» **Your task**
Repeat the lines from the one containing "A sleek white" through the end of the listing exactly, both ends included. Do not carry over any pictures.

» **Information supplied**
*****

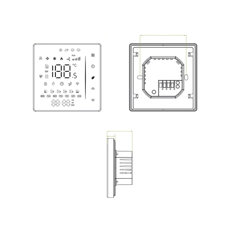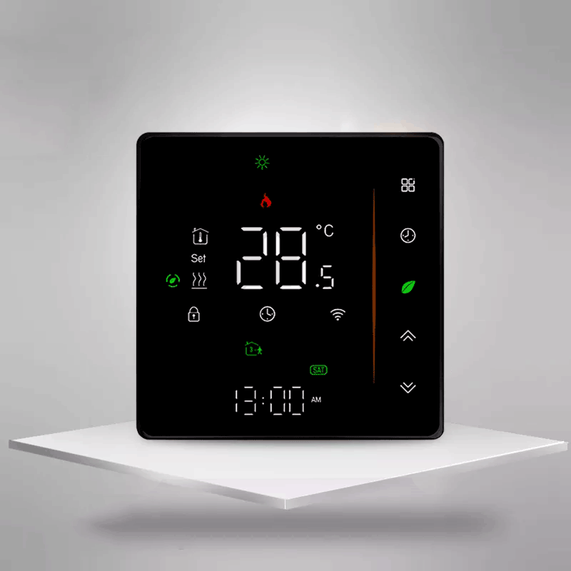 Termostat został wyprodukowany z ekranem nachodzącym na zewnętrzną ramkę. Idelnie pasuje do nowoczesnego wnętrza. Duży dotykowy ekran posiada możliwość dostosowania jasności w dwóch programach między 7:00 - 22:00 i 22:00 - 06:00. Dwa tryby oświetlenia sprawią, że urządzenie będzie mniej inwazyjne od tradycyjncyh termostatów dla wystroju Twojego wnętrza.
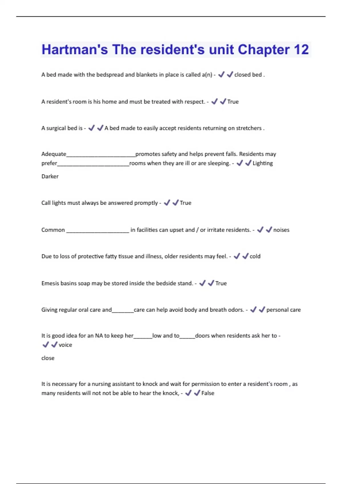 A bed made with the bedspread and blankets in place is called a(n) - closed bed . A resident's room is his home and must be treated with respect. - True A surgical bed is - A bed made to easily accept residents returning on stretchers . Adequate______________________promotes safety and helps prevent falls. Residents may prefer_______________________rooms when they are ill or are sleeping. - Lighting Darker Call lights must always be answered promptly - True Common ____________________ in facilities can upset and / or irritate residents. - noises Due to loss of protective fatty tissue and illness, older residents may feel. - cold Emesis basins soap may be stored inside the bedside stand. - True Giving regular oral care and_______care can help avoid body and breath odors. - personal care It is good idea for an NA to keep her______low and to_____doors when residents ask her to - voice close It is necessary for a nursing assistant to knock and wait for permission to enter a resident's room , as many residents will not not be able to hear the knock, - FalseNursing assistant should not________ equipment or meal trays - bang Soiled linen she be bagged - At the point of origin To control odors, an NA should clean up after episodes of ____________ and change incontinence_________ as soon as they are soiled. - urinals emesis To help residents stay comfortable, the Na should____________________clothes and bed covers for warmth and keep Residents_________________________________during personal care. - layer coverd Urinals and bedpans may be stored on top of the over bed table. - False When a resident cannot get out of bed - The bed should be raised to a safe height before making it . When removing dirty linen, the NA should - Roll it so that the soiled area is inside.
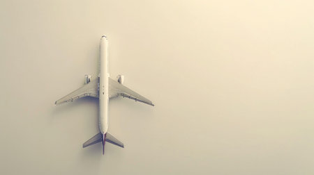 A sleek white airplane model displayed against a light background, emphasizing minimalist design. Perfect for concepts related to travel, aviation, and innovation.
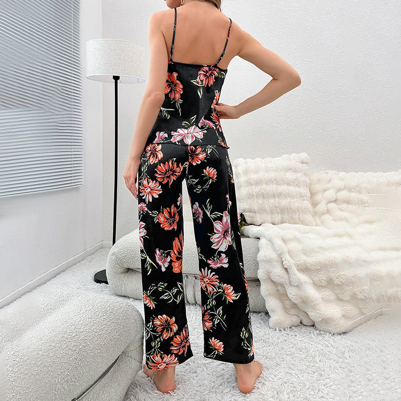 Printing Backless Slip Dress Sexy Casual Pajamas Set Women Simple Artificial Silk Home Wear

*****

» **Task answer**
 A sleek white airplane model displayed against a light background, emphasizing minimalist design. Perfect for concepts related to travel, aviation, and innovation.
 Printing Backless Slip Dress Sexy Casual Pajamas Set Women Simple Artificial Silk Home Wear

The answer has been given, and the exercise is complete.